Не знаю, как сложилась судьба этого странного ценителя настоящей жизни, скорее всего революция и его, как таракана, растоптала своим сапогом. Но, может быть, она и вознесла его. Впоследствии, когда будет тщательно изучен личный состав большевистской партии, несомненно выяснится, что большое количество людей не пролетарского происхождения вошло в нее от той же тоски по углубленной жизни, хотя бы и на преступных путях, которая с малолетства мучила молодых Карасевых, как самого убийцу, так и его брата.
Есть в русских душах какая–то особая черта, своеобразная жажда больших событий — все равно, добрых ли, злых ли, лишь бы выводящих за пределы будничной скуки. Западные европейцы среднего калибра легко и безболезненно отказываются от омутов и поднебесий жизни ради внешнего преуспевания в ней. В русских же душах, даже в сереньких, почти всегда живет искушение послать все к чёрту, уйти на дно, а там, быть может, и выплеснуться неизвестно как на светлый берег. Эта смутная тоска по запредельности редко удовлетворяется на путях добра, но очень легко на путях зла. Такая тоска сыграла, как мне кажется, громадную роль в нашей страшной революции. Быть может, ради нее русскому народу и простится многое из того, что он натворил над самим собою и надо всем миром.
Роман Анны с Вронским начинается в поезде и кончается им. Под стук поездных колес рассказывает Позднышев в «Крейцеровой сонате» совершенно чужим ему людям об убийстве жены и мы чувствуем, что нигде, кроме как в поезде, он не смог бы исповедоваться с такою искренностью. Замерзшею рукою стучит Катюша Маслова в ярко освещенное окно вагона первого класса и, не сводя глаз с Нехлюдова, чуть не падая бежит по платформе. «Дым, дым, дым» — развертываются в поезде скорбные раздумья Литвинова–Тургенева.

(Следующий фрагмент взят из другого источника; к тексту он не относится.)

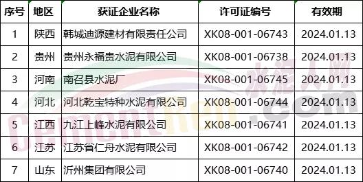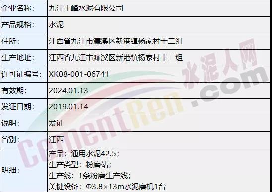 本期發(fā)放的水泥企業(yè)生產(chǎn)許可證涉及海螺水泥、南方水泥、金隅冀東、山水水泥、蒙西水泥、萬年青水泥、亞泰水泥、亞東水泥、上峰水泥等企業(yè)及其子公司。其中九江上峰水泥有限公司為新發(fā)證書。

Провожая жену своего приятеля и прощаясь с нею в вагоне, скромный герой одного из самых нежных рассказов Чехова, вдруг понимает, что он всю жизнь любил только ее и что с ее отъездом для него все кончается. В «Лике» Бунина тема блаженно–несчастной любви и творческих скитаний духа еще глубже и еще таинственнее сливается с темой той железнодорожной тоски, о которой пел Александр Блок:
Да, было что–то в русских поездах, что, изымая души из обыденной жизни, бросало их «в пустынные просторы, в тоску и даль неизжитой мечты».
В таком отлетно–романтическом настроении, которого уже давно не знает Запад со своими короткими межстанционными перегонами, с непрерывностью человеческого жилья и труда за окнами, мешающими природе думать свою вековечную думу, и с несмол–каемыми коммерческими разговорами вездесущих коммивояжеров, несся я однажды лютою стужею вглубь России.
Я совсем было собрался уже спать, как, посмотрев на часы, вспомнил, что скоро будет та станция, верстах в десяти от которой два года тому назад снимал у обедневшего помещика небольшой флигель мой приятель, талантливый начинающий поэт. Вернувшись осенью в Москву из своей «добровольной ссылки», где собирался серьезно работать, он сразу же пришел ко мне и мы с ним всю ночь проговорили о его летнем романе, вернее о том, стоит ли ему в старомодных ямбах описывать встречу современного поэта («Быть может, все в жизни лишь средство для ярко–певучих стихов») с прелестною провинциальною девушкой, уже обещавшей, по настоянию родителей, руку и сердце другому. К утру мы твердо решили, что писать второго Онегина не стоит и, выпивши крепкого кофе, пошли вверх по туманным, прохладным, еще не разметенным бульварам к розовеющему Страстному монастырю поклониться бессмертному Пушкину.
Как только поезд остановился, я вышел в коридор, почувствовал резкий удар холода по ногам и тут же увидел входящую, всю запорошенную снегом молодую женщину в темно–синей с серым барашком шубке–поддевке. Отпустив кучера, внесшего за ней два светлых кожаных чемодана, она сняла шапку, расстегнулась и медленно опустилась против меня на диван: купе сразу же наполнилось милым, домашним, женским теплом. «Она — Леля Остафьева», решил я с полною уверенностью и тут же с радостным волнением сообщил ей, что я уже давно с нею знаком.
Через час Елена Александровна, то и дело поднося платок к заплаканному лицу, не таясь, рассказывала мне о своей несчастной любви к поэту и о своем еще более несчастном, ненужном замужестве. Умолкая, она недоуменно вздергивала вверх свои тонкие брови и, словно прося помощи, с тоскою останавливала на мне по–детски доверчивый взор своих горячих, кротких глаз.